GOAL OF THE EXERCISE: In the entries below, repeat only the lines between those holding "1girl ahoge blue_archive" and "Mentre entri nel", inclusive. Leave pictures out.

MATERIAL PROVIDED:
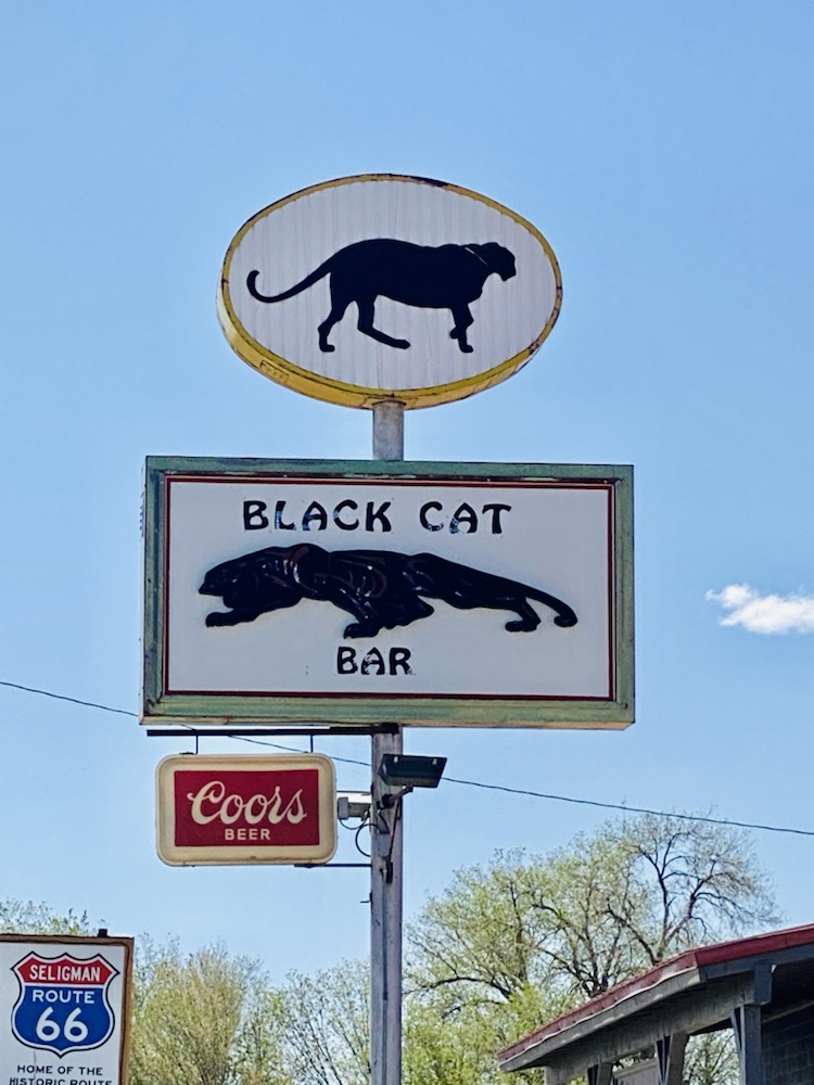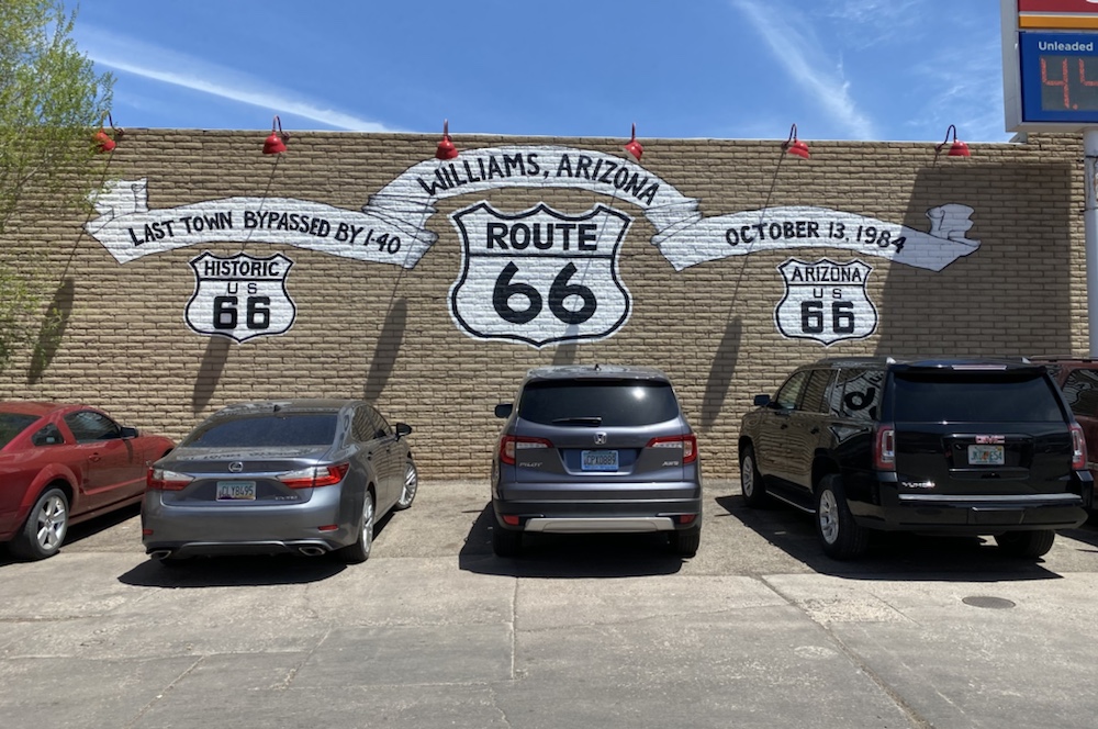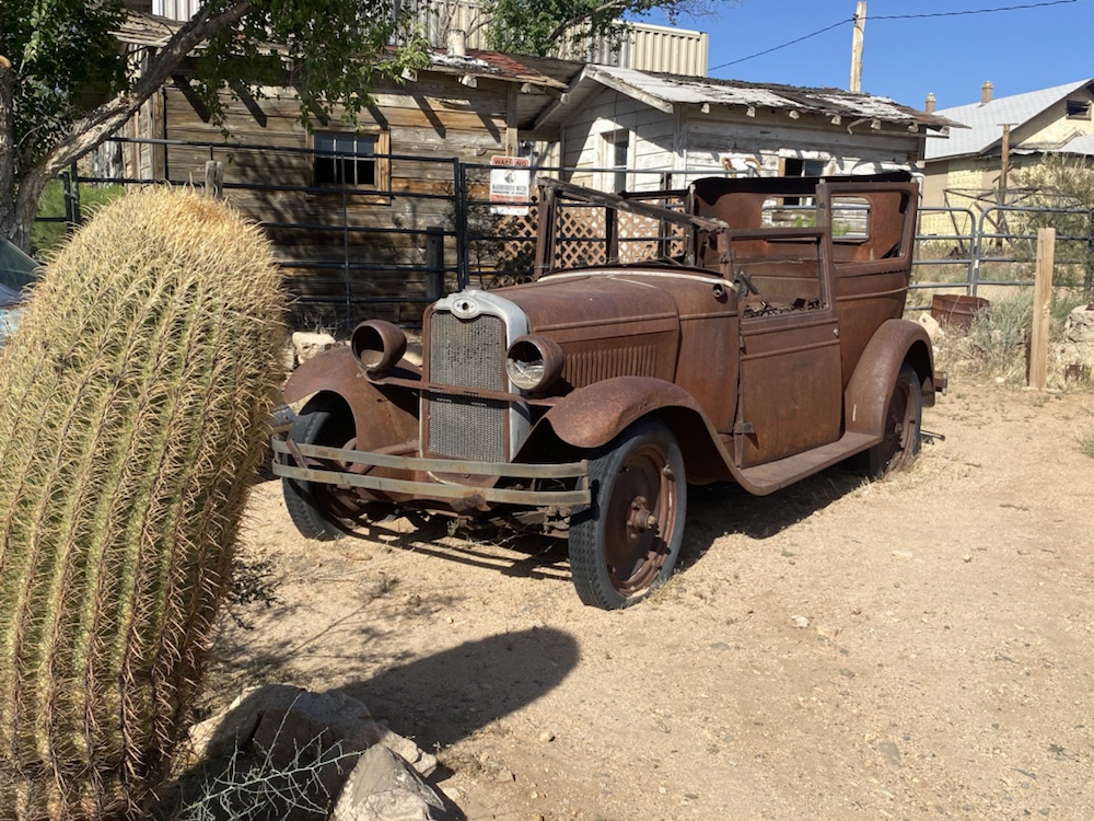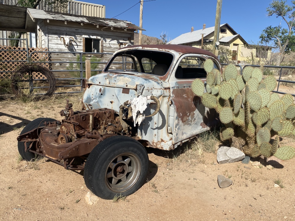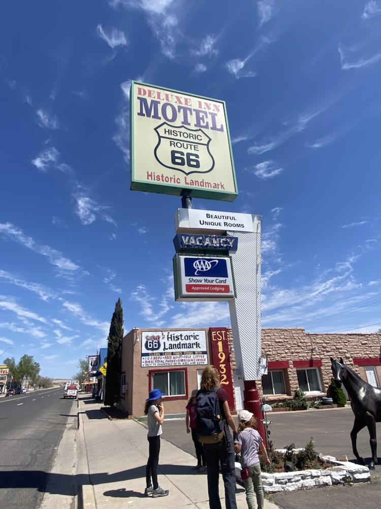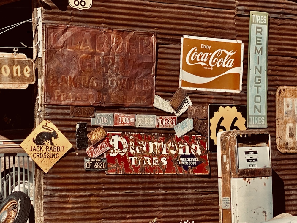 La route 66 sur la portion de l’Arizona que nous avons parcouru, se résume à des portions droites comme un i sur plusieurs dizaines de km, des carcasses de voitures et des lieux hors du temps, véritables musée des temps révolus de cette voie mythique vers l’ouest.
--
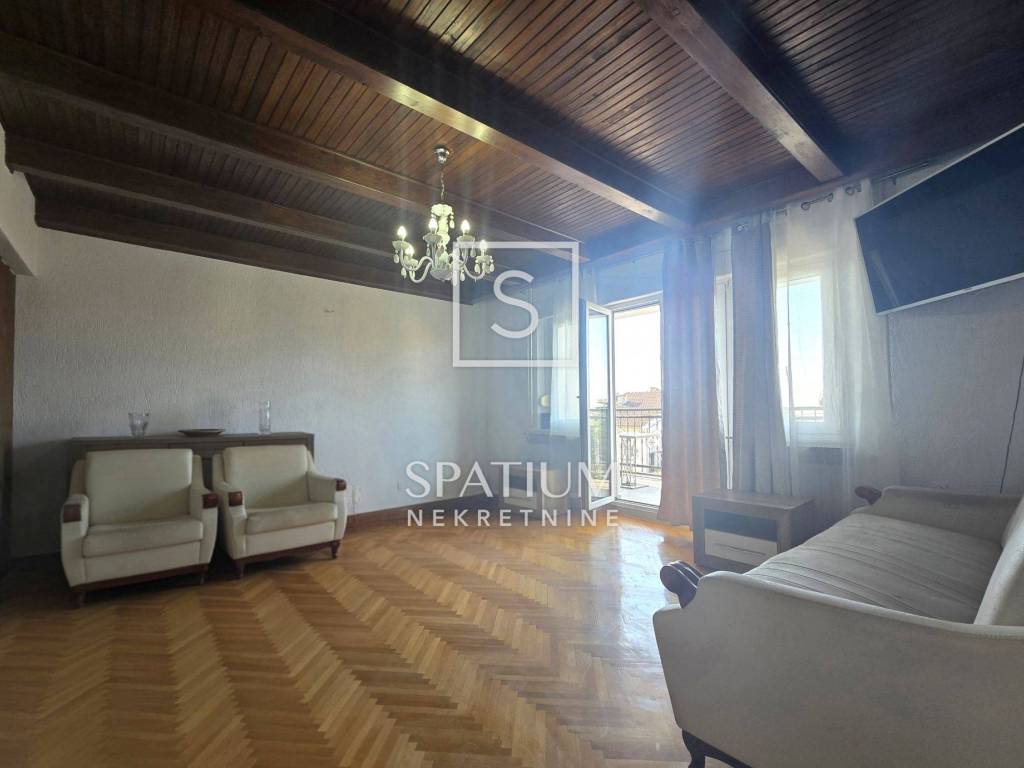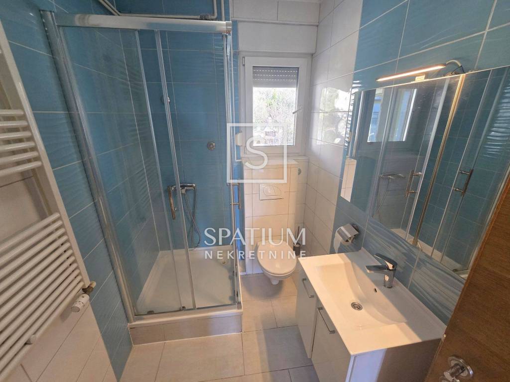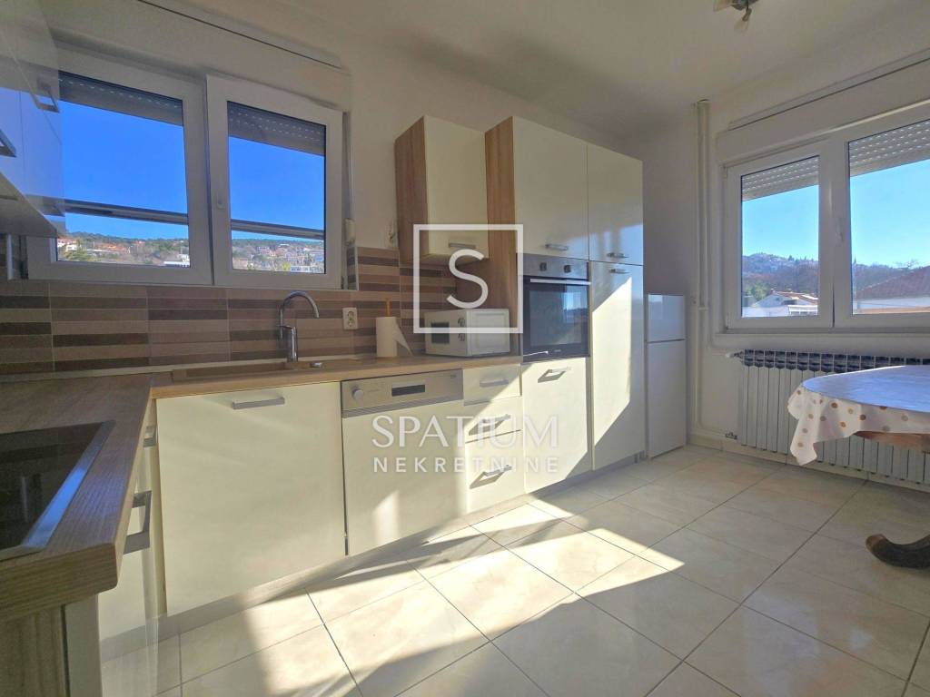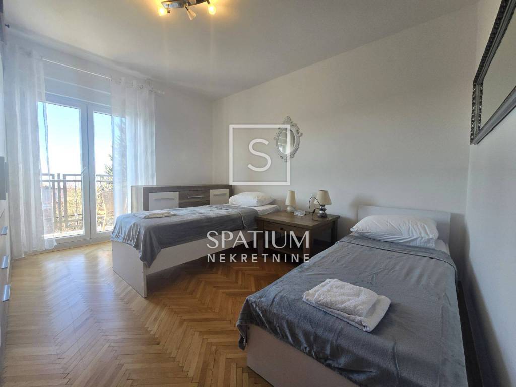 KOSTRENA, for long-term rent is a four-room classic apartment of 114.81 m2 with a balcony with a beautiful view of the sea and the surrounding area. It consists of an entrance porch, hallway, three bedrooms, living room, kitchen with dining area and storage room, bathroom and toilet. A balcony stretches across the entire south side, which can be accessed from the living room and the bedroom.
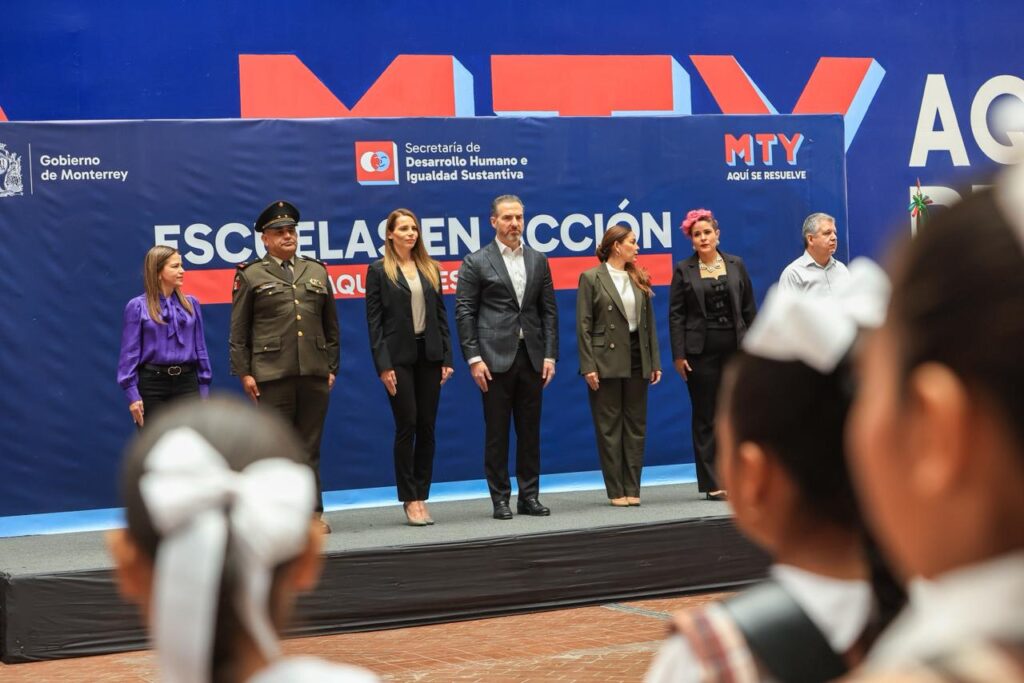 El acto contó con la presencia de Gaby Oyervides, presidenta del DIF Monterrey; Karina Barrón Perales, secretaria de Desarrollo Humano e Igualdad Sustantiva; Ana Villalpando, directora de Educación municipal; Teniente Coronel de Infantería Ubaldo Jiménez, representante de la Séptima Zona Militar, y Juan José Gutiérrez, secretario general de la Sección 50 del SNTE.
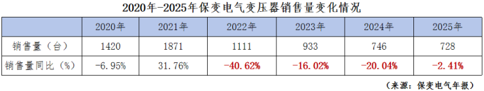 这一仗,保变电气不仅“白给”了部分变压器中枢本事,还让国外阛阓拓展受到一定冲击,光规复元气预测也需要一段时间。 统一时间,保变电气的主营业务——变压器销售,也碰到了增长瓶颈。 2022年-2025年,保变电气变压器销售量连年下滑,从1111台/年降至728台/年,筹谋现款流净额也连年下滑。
==
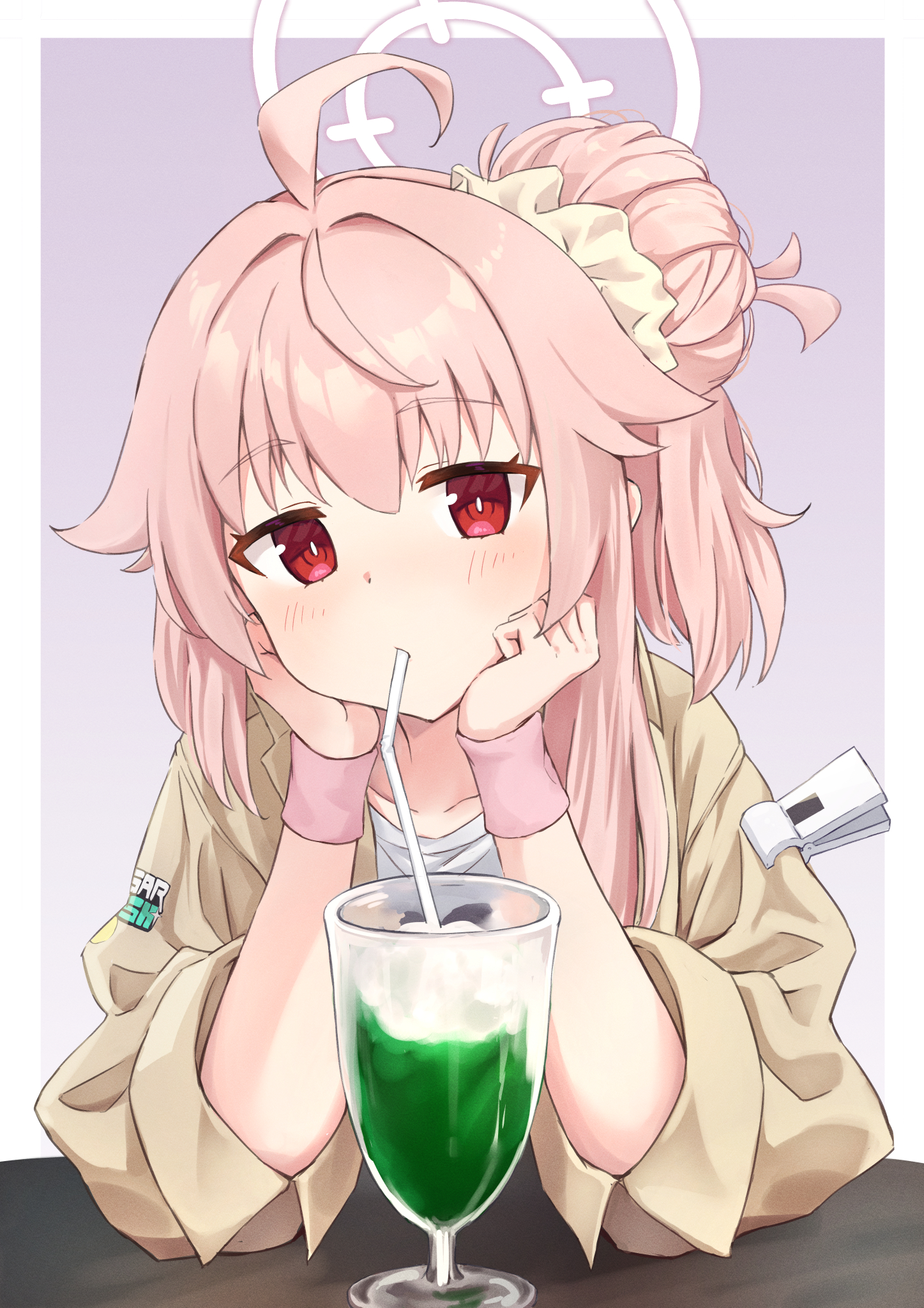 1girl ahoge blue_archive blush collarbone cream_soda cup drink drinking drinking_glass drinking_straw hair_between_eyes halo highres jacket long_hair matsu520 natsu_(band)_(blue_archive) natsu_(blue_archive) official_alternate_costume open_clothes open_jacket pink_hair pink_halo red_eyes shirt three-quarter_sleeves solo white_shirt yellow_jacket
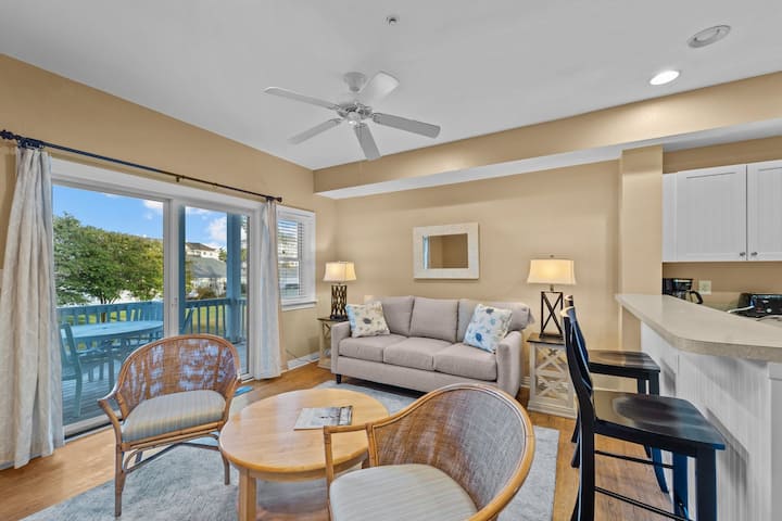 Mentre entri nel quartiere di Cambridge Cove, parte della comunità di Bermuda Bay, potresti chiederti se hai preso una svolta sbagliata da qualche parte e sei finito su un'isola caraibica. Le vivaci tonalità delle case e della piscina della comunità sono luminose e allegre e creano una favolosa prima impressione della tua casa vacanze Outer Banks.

ANSWER FOR THIS EXERCISE:
 1girl ahoge blue_archive blush collarbone cream_soda cup drink drinking drinking_glass drinking_straw hair_between_eyes halo highres jacket long_hair matsu520 natsu_(band)_(blue_archive) natsu_(blue_archive) official_alternate_costume open_clothes open_jacket pink_hair pink_halo red_eyes shirt three-quarter_sleeves solo white_shirt yellow_jacket
 Mentre entri nel quartiere di Cambridge Cove, parte della comunità di Bermuda Bay, potresti chiederti se hai preso una svolta sbagliata da qualche parte e sei finito su un'isola caraibica. Le vivaci tonalità delle case e della piscina della comunità sono luminose e allegre e creano una favolosa prima impressione della tua casa vacanze Outer Banks.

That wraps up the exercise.